The struggling dairy industry in New York is under economic threat due to current immigration policies in the US, according to Mary Jo Dudley, a farmworker program director at Cornell University. Dudley claims that the gridlock in Washington over the issue of immigration reform is causing extra stressors on dairy farmers in New York. They are already paying more to produce milk than the price they can charge for it, which is controlled by the federal government.
There are temporary guest worker US visas for immigrants working on dairy farms, unlike many other workers in the agricultural industry. Dudley says that a way to document immigrant workers or provide them with a pathway to US citizenship would a better direction to take than the current stalemate where enforcement rather than solutions is the focus.

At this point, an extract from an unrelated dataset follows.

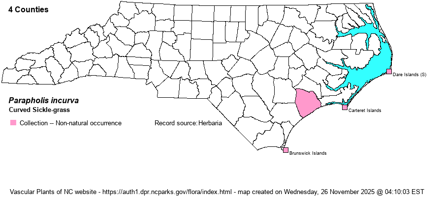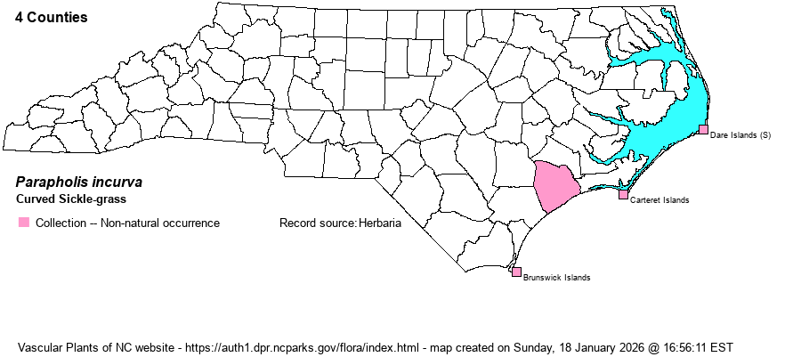 | Account for Curved Sickle-grass - Parapholis incurva (L.) C.E. Hubbard | Only member of Parapholis in NC. | |||||||||

Dudley made the observations in the wake of an undocumented immigrant worker having recently been arrested on a dairy farm in New York, an incident that has resulted in controversy. The arrested 31-year-old, Marcial de Leon Aguilar was previously convicted of reckless aggravated assault by Immigration and Customs Enforcement. The ICE also alluded to the fact Aguilar had unlawfully re-entered the U.S on three separate occasions following his deportation.
Dudley says anecdotal reports about the arrest of farmworkers in New York have increased since the beginning of the Trump administration in January 2017. Agricultural immigrant workers, both document and undocumented, are offered workshops about encountering federal immigration authorities by the Cornell farm worker program.